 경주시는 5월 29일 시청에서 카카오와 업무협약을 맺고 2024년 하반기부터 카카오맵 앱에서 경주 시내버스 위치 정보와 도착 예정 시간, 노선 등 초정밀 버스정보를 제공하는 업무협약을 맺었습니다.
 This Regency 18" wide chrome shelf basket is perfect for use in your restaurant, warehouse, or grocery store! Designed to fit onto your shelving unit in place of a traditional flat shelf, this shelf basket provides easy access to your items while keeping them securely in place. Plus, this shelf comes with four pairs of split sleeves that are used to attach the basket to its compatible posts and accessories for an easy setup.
==
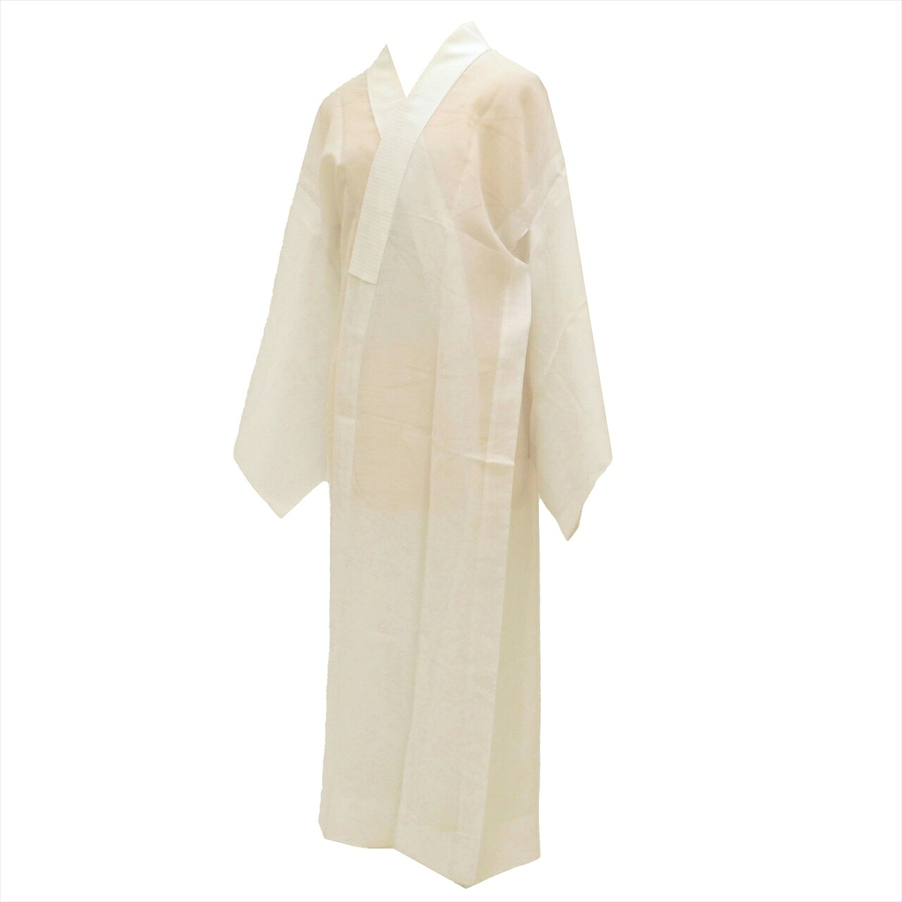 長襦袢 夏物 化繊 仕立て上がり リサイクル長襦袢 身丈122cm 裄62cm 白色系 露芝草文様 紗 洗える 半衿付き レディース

- **What to do**
An exact copy of the lines above, from the one containing "경주시는 5월 29일" down to the one containing "an easy setup." and including both, is the whole answer; retype it and nothing else.

- **Response to the exercise**
 경주시는 5월 29일 시청에서 카카오와 업무협약을 맺고 2024년 하반기부터 카카오맵 앱에서 경주 시내버스 위치 정보와 도착 예정 시간, 노선 등 초정밀 버스정보를 제공하는 업무협약을 맺었습니다.
 This Regency 18" wide chrome shelf basket is perfect for use in your restaurant, warehouse, or grocery store! Designed to fit onto your shelving unit in place of a traditional flat shelf, this shelf basket provides easy access to your items while keeping them securely in place. Plus, this shelf comes with four pairs of split sleeves that are used to attach the basket to its compatible posts and accessories for an easy setup.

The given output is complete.